Collected data

· · ·

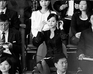 11月16日13時(shí),對(duì)中國(guó)進(jìn)行國(guó)事訪問(wèn)的美國(guó)總統(tǒng)奧巴馬走進(jìn)上?萍拣^會(huì)場(chǎng),與中國(guó)青年展開(kāi)對(duì)話。但是和奧巴馬的演講相比,現(xiàn)場(chǎng)攝影記者對(duì)一名黑衣女子表現(xiàn)出了更大的興趣。這名美女在現(xiàn)場(chǎng)脫掉紅色外套露出黑色套裝的全過(guò)程被記者用相機(jī)記錄下來(lái),被制作成GIF動(dòng)畫(huà)上傳網(wǎng)絡(luò),隨后這組動(dòng)畫(huà)在網(wǎng)上論壇以及QQ群里廣泛傳播,隨后又有網(wǎng)友將奧巴馬演講視頻中有關(guān)該女子的片段截圖上傳,黑衣美女的美貌和氣質(zhì)迅速傾倒眾人。
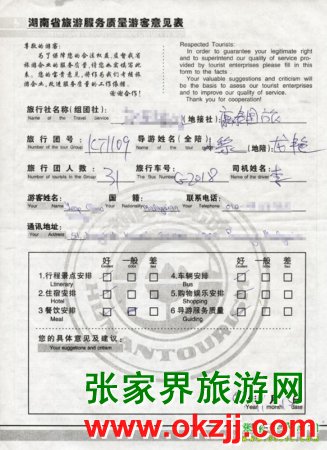 2009年11月9日馬來西亞yeap先生一行31人旅游接待質(zhì)量反饋單:
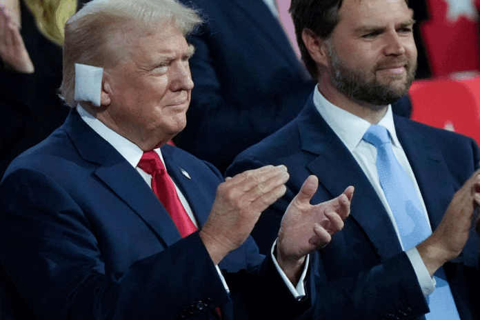 සභාවට පැමිණි ට්‍රම්ප් සිය උප ජනාධිපති අපේක්ෂක ඔහියෝ සෙනෙට් සභික ජේඩී වැන්ස් සමඟ අසුන්ගෙන සිට ඇති මුත් සභාවා අමතා නැත.
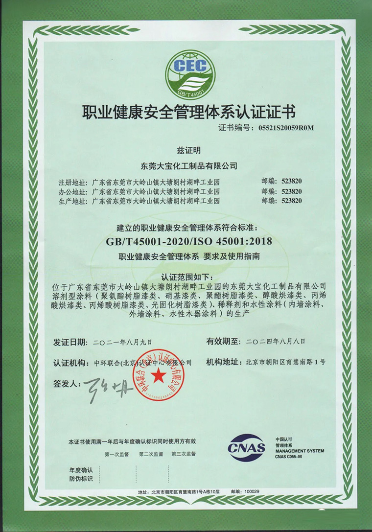 近日,大寶漆正式通過GB/T45001-2020/ISO45001:2018職業(yè)健康安全管理體系認(rèn)證,意味著大寶漆獲得國際權(quán)威機構(gòu)認(rèn)可,將為公司后續(xù)的安全穩(wěn)定與可持續(xù)的長遠(yuǎn)發(fā)展提供強有力的保障。
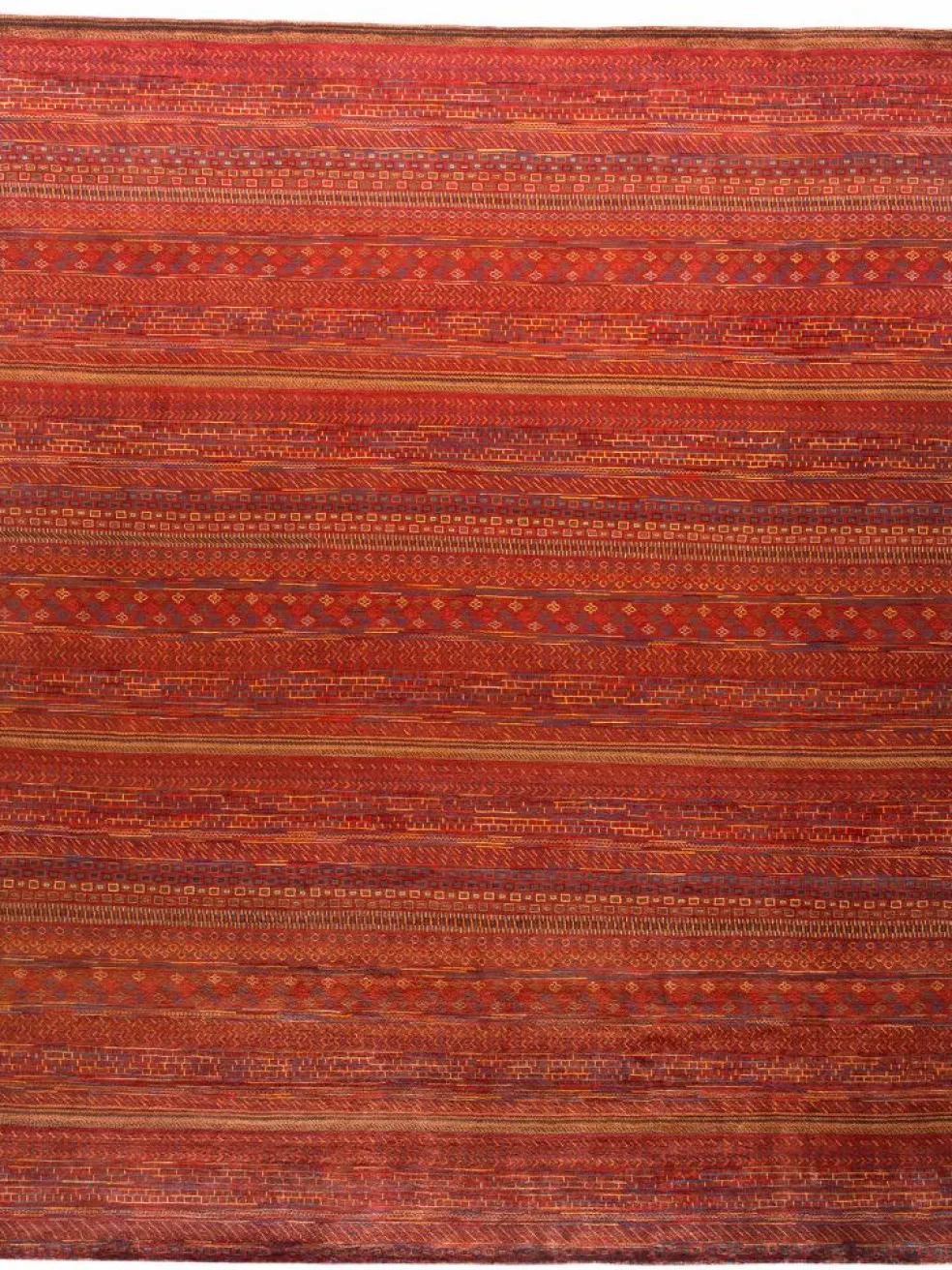 ist eine ungewöhnliche moderne Variation des traditionellen persichen Gabbehs. Er ist kürzer im Flor und feiner geknüpft. Es gibt zahllose Neukreationen in individuellen und einzigartigen Farben und Mustern.| Gesamthöhe: | ca. 10 mm |
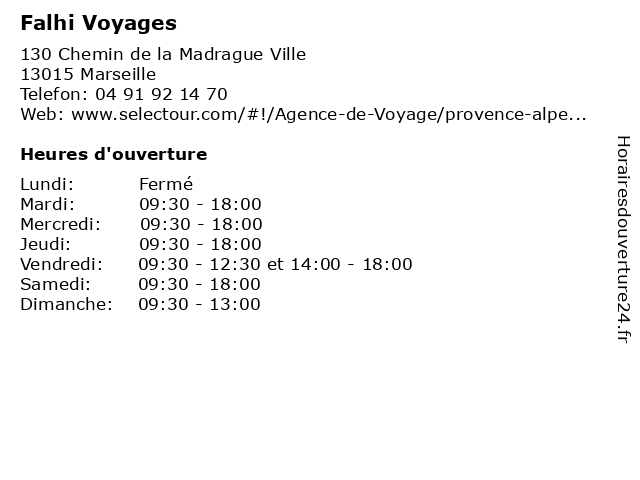 1 Falhi Voyages (Distance: 2,94 km) 2/4/6 Boulevard des Dames, 13002 Marseille billets, falhi, marseille, selectour, séjours, train, vols, voyage, voyages 2 Falhi Voyages (Distance: 3,32 km) 3 Rue Mazagan, 13001 Marseille billets, falhi, marseille, selectour, séjours, train, vols, voyage, voyages 3 Jetset Voyages / Falhi Voyages (Distance: 0,04 km) 130 Chemin de la Madrague Ville, 13015 Marseille agence, billet d'avion et hôtel pour votre club, falhi, jetset, séjour, voyages 4 Jetset Voyages / Falhi Voyages (Distance: 0,04 km) 130 Chemin de la Madrague Ville, 13015 Marseille agence, billet d'avion et hôtel pour votre club, falhi, jetset, séjour, voyages 5 Jetset Voyages / Nostalgie Voyages (Distance: 2,48 km) 81 Avenue Camille Pelletan, 13003 Marseille agence, billet d'avion et hôtel pour votre club, jetset, nostalgie, séjour, voyages 6 Linea Voyages (Distance: 2,74 km) 47 Boulevard des Dames, 13002 Marseille agence, bateau, billet d'avion, hôtel, linea, séjour, voyages |
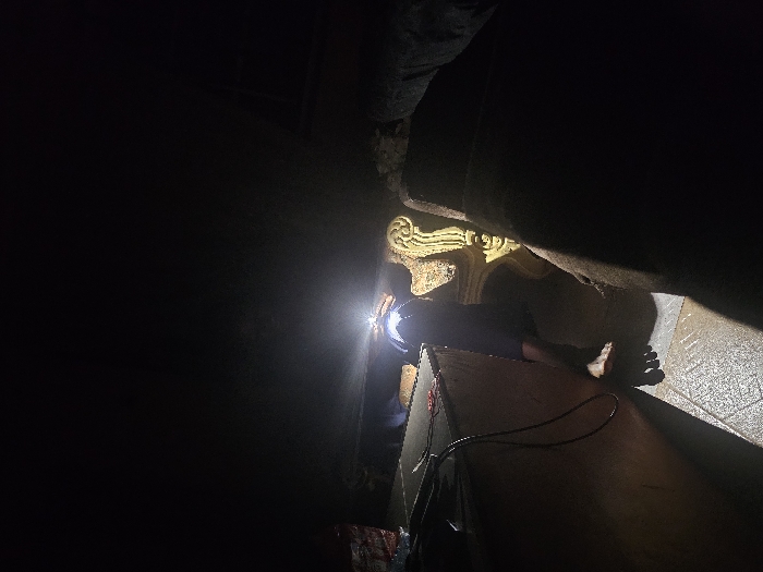 A person with a headlamp is inside a dark, confined space, possibly a cave or underground structure. They are examining a golden, ornate architectural element, possibly a column capital. The person is lying on or leaning over a structure that appears to be made of stone or concrete. The scene is dimly lit by the headlamp, creating stark contrasts between light and shadow. There are other dark, undefined objects in the background.
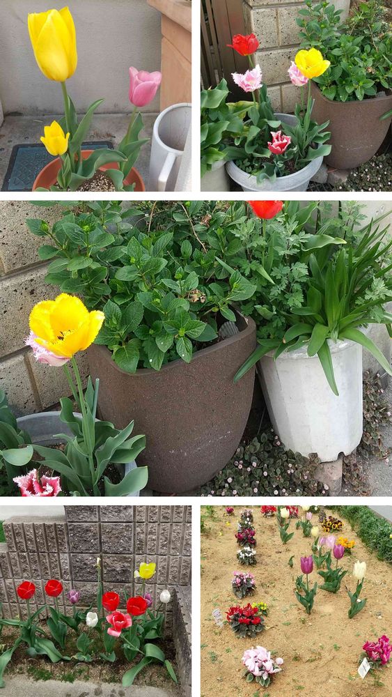 家の玄関、広い庭のチューリップのコラージュが綺麗です🌷
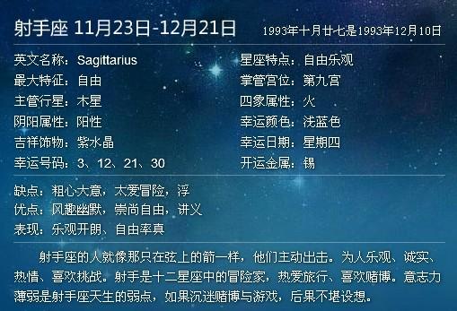 【注】:星座按阳历出生日期算的,对照生日参看上表就可以查出是什么星座了。
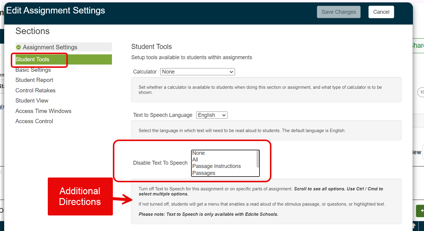 3. Under Assignment Settings to the far left, choose the Student Tools Tab, and then use the direction below Disable Text to Speech to disable the Text to Speech you do not want students to have access to.
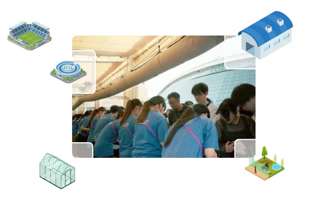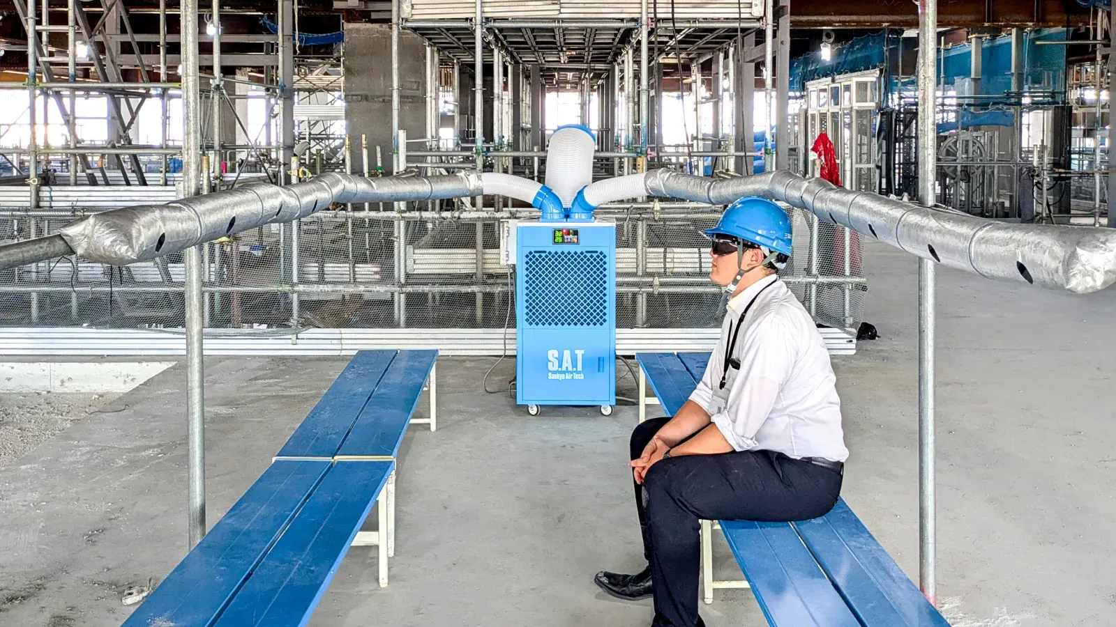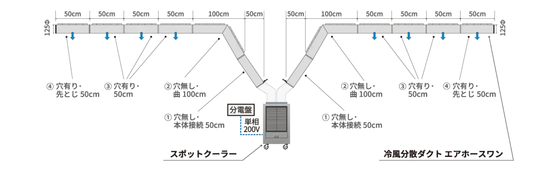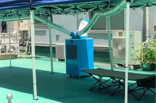冷風分散ダクト一体型スポットクーラーとは、ツインダクト式の強力な冷房能力をもったスポットクーラーに、冷風分散ダクト エアホースワンを接続することで、1台で同時に8~10人に冷風を届けることができるシステムです。

· · ·

Work task:
Before duplicating the entries above, strip out the pictures and keep the rest exact.

Completed exercise:
 11月16日13時(shí),對(duì)中國(guó)進(jìn)行國(guó)事訪問(wèn)的美國(guó)總統(tǒng)奧巴馬走進(jìn)上?萍拣^會(huì)場(chǎng),與中國(guó)青年展開(kāi)對(duì)話。但是和奧巴馬的演講相比,現(xiàn)場(chǎng)攝影記者對(duì)一名黑衣女子表現(xiàn)出了更大的興趣。這名美女在現(xiàn)場(chǎng)脫掉紅色外套露出黑色套裝的全過(guò)程被記者用相機(jī)記錄下來(lái),被制作成GIF動(dòng)畫(huà)上傳網(wǎng)絡(luò),隨后這組動(dòng)畫(huà)在網(wǎng)上論壇以及QQ群里廣泛傳播,隨后又有網(wǎng)友將奧巴馬演講視頻中有關(guān)該女子的片段截圖上傳,黑衣美女的美貌和氣質(zhì)迅速傾倒眾人。
 2009年11月9日馬來西亞yeap先生一行31人旅游接待質(zhì)量反饋單:
 සභාවට පැමිණි ට්‍රම්ප් සිය උප ජනාධිපති අපේක්ෂක ඔහියෝ සෙනෙට් සභික ජේඩී වැන්ස් සමඟ අසුන්ගෙන සිට ඇති මුත් සභාවා අමතා නැත.
 近日,大寶漆正式通過GB/T45001-2020/ISO45001:2018職業(yè)健康安全管理體系認(rèn)證,意味著大寶漆獲得國際權(quán)威機構(gòu)認(rèn)可,將為公司后續(xù)的安全穩(wěn)定與可持續(xù)的長遠(yuǎn)發(fā)展提供強有力的保障。
 ist eine ungewöhnliche moderne Variation des traditionellen persichen Gabbehs. Er ist kürzer im Flor und feiner geknüpft. Es gibt zahllose Neukreationen in individuellen und einzigartigen Farben und Mustern.| Gesamthöhe: | ca. 10 mm |
 1 Falhi Voyages (Distance: 2,94 km) 2/4/6 Boulevard des Dames, 13002 Marseille billets, falhi, marseille, selectour, séjours, train, vols, voyage, voyages 2 Falhi Voyages (Distance: 3,32 km) 3 Rue Mazagan, 13001 Marseille billets, falhi, marseille, selectour, séjours, train, vols, voyage, voyages 3 Jetset Voyages / Falhi Voyages (Distance: 0,04 km) 130 Chemin de la Madrague Ville, 13015 Marseille agence, billet d'avion et hôtel pour votre club, falhi, jetset, séjour, voyages 4 Jetset Voyages / Falhi Voyages (Distance: 0,04 km) 130 Chemin de la Madrague Ville, 13015 Marseille agence, billet d'avion et hôtel pour votre club, falhi, jetset, séjour, voyages 5 Jetset Voyages / Nostalgie Voyages (Distance: 2,48 km) 81 Avenue Camille Pelletan, 13003 Marseille agence, billet d'avion et hôtel pour votre club, jetset, nostalgie, séjour, voyages 6 Linea Voyages (Distance: 2,74 km) 47 Boulevard des Dames, 13002 Marseille agence, bateau, billet d'avion, hôtel, linea, séjour, voyages |
 A person with a headlamp is inside a dark, confined space, possibly a cave or underground structure. They are examining a golden, ornate architectural element, possibly a column capital. The person is lying on or leaning over a structure that appears to be made of stone or concrete. The scene is dimly lit by the headlamp, creating stark contrasts between light and shadow. There are other dark, undefined objects in the background.
 家の玄関、広い庭のチューリップのコラージュが綺麗です🌷
 【注】:星座按阳历出生日期算的,对照生日参看上表就可以查出是什么星座了。
 3. Under Assignment Settings to the far left, choose the Student Tools Tab, and then use the direction below Disable Text to Speech to disable the Text to Speech you do not want students to have access to.
冷風分散ダクト一体型スポットクーラーとは、ツインダクト式の強力な冷房能力をもったスポットクーラーに、冷風分散ダクト エアホースワンを接続することで、1台で同時に8~10人に冷風を届けることができるシステムです。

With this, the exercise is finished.